Kodak & Eve RIP



Kodak RIP, originally uploaded by jjn1.

The news today is that Kodak is preparing to file for bankruptcy and there can’t be a photographer of my generation who doesn’t feel an incredulous shudder at the prospect. It was an iconic company, and its products (especially Kodachrome) attained near-mythical status. (I mean to say, how many other commercial products have inspired a Paul Simon song?) Business school students will see the company’s demise as an illustration of Clayton Christensen’s idea of the Innovator’s Dilemma. Stranger still is the discovery that Kodak was a pioneer in the digital photography field (it built the first digital camera in 1975), and indeed its only current prospect of escaping bankruptcy seems to rely on selling its portfolio of patents, some of the most valuable of which are in digital imagery.

My hunch is that because the film-retailing and chemical processing sides of the business were so profitable and successful, those involved in that carried most weight in the company, and the engineers working on digital simply couldn’t persuade senior management to pay attention to a technology that would eventually cannibalise that core business. In a way, the same thing happened with the music industry when MP3 and the Net came along.

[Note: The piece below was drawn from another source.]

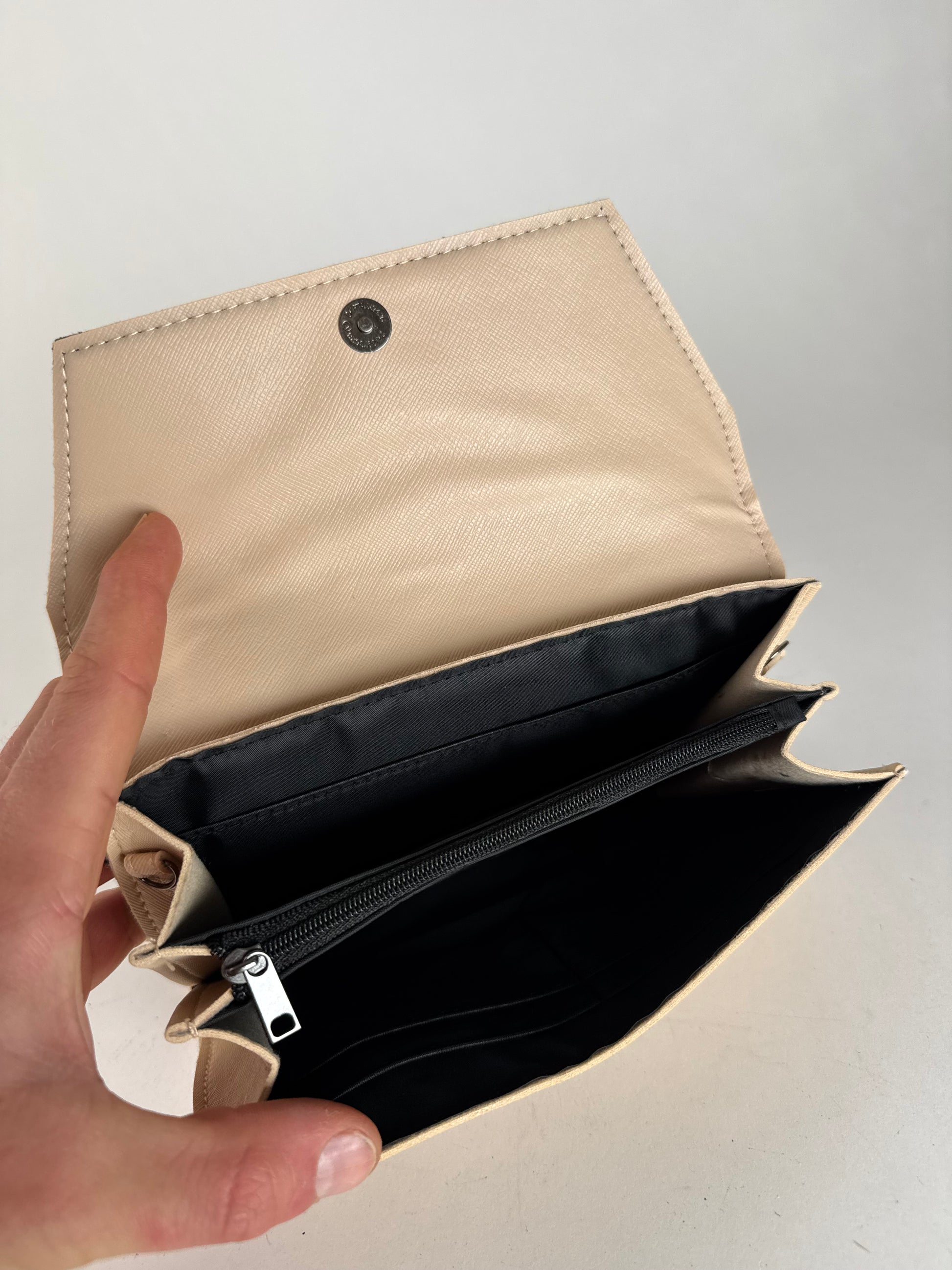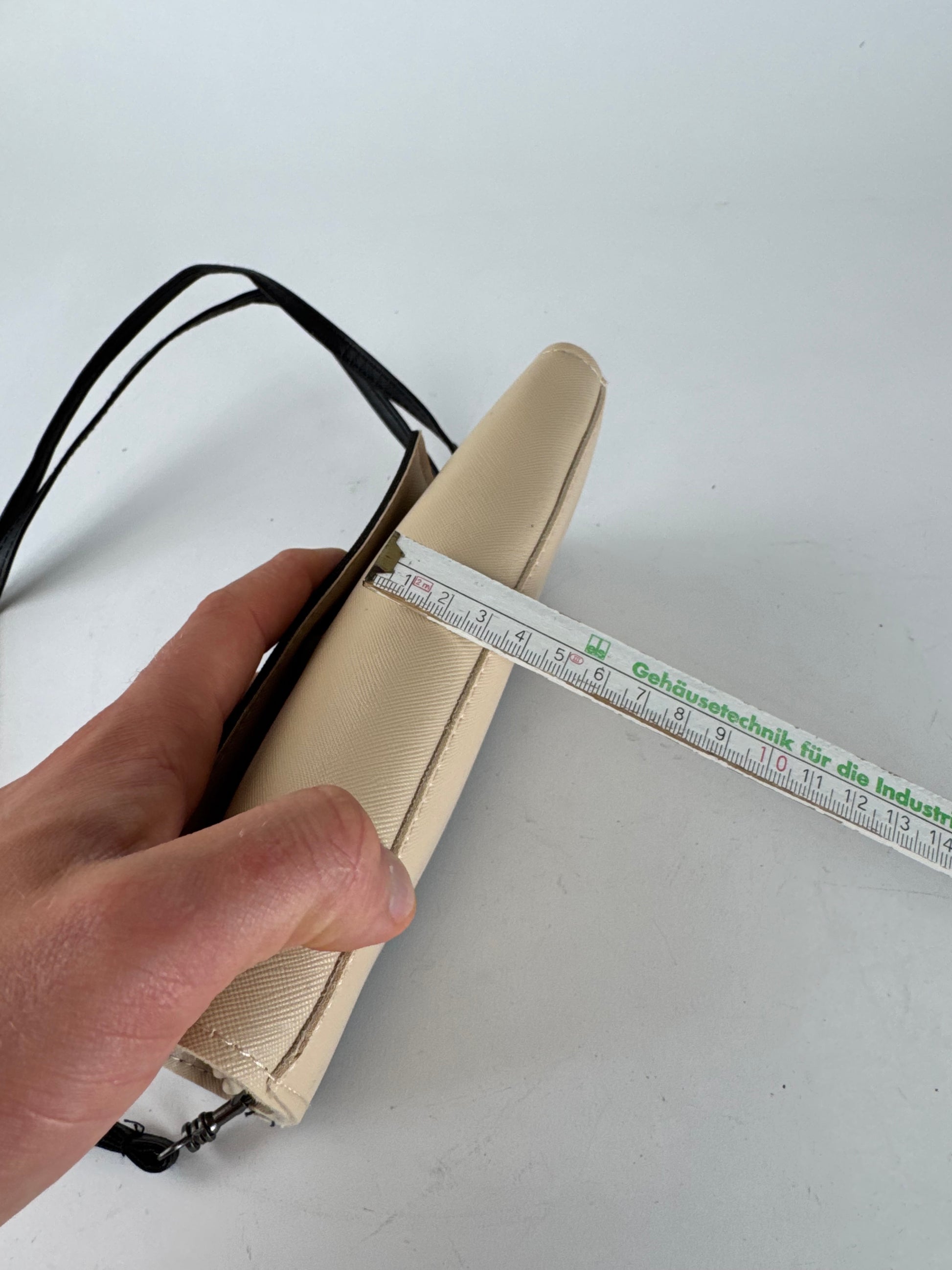 YOHJI YAMAMOTO Vintage 2-Way Handbag. This sleek handbag is crafted from beige and black leather and features a structured silhouette with a magnetic flap closure. The interior offers three compartments for organized storage. Designed as a unisex piece, it can be worn as a shoulder bag or carried by hand.

Today also brought news that Eve Arnold has died at the great age of 99. It sent me to Magnum (of which she was the first female member) to look again at their carousel of her most famous images. (The BBC also had a slideshow which includes the lovely picture of her sitting crosslegged on the ground shooting with a Leica.) The Guardian had a lovely piece by the film-maker Beeban Kidron, who became Arnold’s assistant at the age of 16.

“From Eve”, she writes,

“I learned: how to pack a suitcase – with a dress you could wear to a palace and shoes to run a marathon if required; how to look at pictures – for metaphor, form and truth; how to work – until it was done; how to be kind to your fellow artist – judge the endeavour not the result; and how to be a friend – through thick and thin; and how to laugh – uproariously and often.

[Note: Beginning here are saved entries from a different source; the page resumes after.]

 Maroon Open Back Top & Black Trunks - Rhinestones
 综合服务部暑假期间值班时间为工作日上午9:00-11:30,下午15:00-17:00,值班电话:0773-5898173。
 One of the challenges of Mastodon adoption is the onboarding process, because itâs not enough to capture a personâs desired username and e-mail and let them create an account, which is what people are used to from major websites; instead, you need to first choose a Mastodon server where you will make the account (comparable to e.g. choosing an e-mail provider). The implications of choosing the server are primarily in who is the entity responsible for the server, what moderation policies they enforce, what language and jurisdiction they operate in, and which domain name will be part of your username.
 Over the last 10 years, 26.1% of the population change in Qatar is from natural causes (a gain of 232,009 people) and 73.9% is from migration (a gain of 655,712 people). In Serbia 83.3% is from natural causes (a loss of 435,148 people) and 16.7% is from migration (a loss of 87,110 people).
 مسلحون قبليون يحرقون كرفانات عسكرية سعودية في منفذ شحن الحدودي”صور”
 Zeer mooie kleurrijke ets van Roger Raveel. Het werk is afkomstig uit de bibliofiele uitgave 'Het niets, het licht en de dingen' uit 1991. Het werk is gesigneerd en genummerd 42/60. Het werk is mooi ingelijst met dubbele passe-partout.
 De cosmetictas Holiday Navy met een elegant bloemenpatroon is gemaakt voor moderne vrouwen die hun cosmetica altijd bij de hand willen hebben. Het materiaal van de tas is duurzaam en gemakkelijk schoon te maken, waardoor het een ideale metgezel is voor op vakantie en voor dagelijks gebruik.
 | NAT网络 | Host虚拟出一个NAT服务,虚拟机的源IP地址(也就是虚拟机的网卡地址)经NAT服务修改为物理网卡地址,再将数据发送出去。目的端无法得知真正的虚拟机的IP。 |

I haven’t worked for Eve for more than 30 years – that privilege resides with Linni, her long-term colleague and assistant. But she became my adviser and friend. And when my son was very sick shortly after he was born, she did the one thing she knew how to do – she took his photograph – breaking her own rule of no baby pictures. It is one of those pictures, along side one of her with Marilyn, that adorn my office wall. “

The photograph shows the last roll of Kodak film that I possess.